In May of 2015, the lawsuit was expanded to include a second company which entered into a contract with Primate Products Inc. (PPI) and resides on property owned by Panther Tracks LLC, which is also home for the PPI operation that has been in business for over 15 years at that location.  None of the three residents for which the suit had been filed on behalf of lived in close proximity of Panther Tracks (they were over 30 miles away in the far northeast section of the county) and one of the three residents had only purchased property in July of 2013, after building permits had been issued for the expansion at Panther Tracks LLC.

Judge Sloan considered the following two points in his ruling:

  • Did actions taken by Hendry County violate the Florida Sunshine Law?
  • If not, had Hendry County violated the purpose and intent of the Sunshine Law by assigning or abdicating policy making function to staff?

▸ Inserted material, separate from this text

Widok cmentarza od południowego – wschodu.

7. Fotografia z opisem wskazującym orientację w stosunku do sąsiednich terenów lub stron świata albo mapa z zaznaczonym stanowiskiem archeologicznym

In his legal reasoning he stated that no county commissioner, either alone or in tandem with any other commissioner attended any meetings, consulted or communicated with each other, or with either the new facility or Panther Tracks during any portion of the process approving either site development plans; therefore, nobody had engaged in a policy-making function, which may have required public meetings.

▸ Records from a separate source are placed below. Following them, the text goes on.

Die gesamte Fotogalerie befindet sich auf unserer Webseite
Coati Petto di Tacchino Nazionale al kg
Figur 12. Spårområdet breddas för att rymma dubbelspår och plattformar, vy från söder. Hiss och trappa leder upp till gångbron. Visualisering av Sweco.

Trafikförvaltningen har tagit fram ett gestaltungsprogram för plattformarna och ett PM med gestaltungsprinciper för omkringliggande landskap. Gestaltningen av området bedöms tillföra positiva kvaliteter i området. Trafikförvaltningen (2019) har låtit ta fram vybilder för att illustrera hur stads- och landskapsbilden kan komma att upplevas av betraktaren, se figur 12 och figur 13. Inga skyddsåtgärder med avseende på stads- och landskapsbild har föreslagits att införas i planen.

In the ruling both parties had to concede that there was no definition for “animal husbandry” specifically set forth in Hendry County’s Comprehensive Land Use Plan nor in its Zoning Code; however, given the historical application as it was applied to other site development plans of a similar nature such intent could be concluded.  In addition, it was presented as evidence that in April of 2000 raising of monkeys was specifically authorized in writing in agriculture 2 zones by the late Eason Burchard, the Director of Hendry County Building and Zoning.  As noted in the ruling and presented as testimony in the trial, Hendry County has in the past permitted buffalo, turtles, alligators, tilapia and ostriches in agriculture zones.

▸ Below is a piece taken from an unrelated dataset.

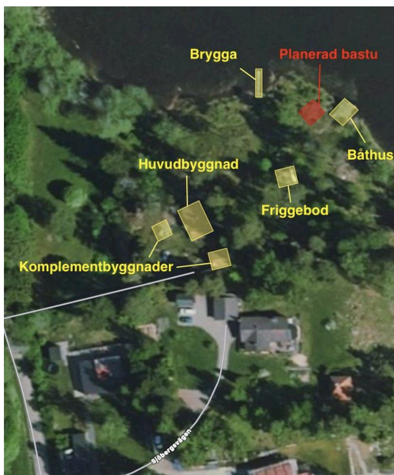
Översiktlig karta över fastigheterna och den planerade byggnationen (gul markering visar befintlig bebyggelse)

Primate Products Inc. is pleased with Judge Sloan’s ruling and is appreciative of the work performed by Hendry County staff.  Although PPI has encountered no problems in over 15 years with property owners who live and work adjacent to their site, the conflict between residential developments located within agricultural zones is not new. When an animal operation is in close proximity to residential development, complaints and problems can occur. We reiterate that there is no better place to find the knowledge of support agencies, mindset of workers, and community understanding of farming and livestock production and maintenance than in Hendry County Florida.  They have demonstrated once again that they stand by the agricultural life style and the rights provided to property owners as stated in their comprehensive plan and land development code.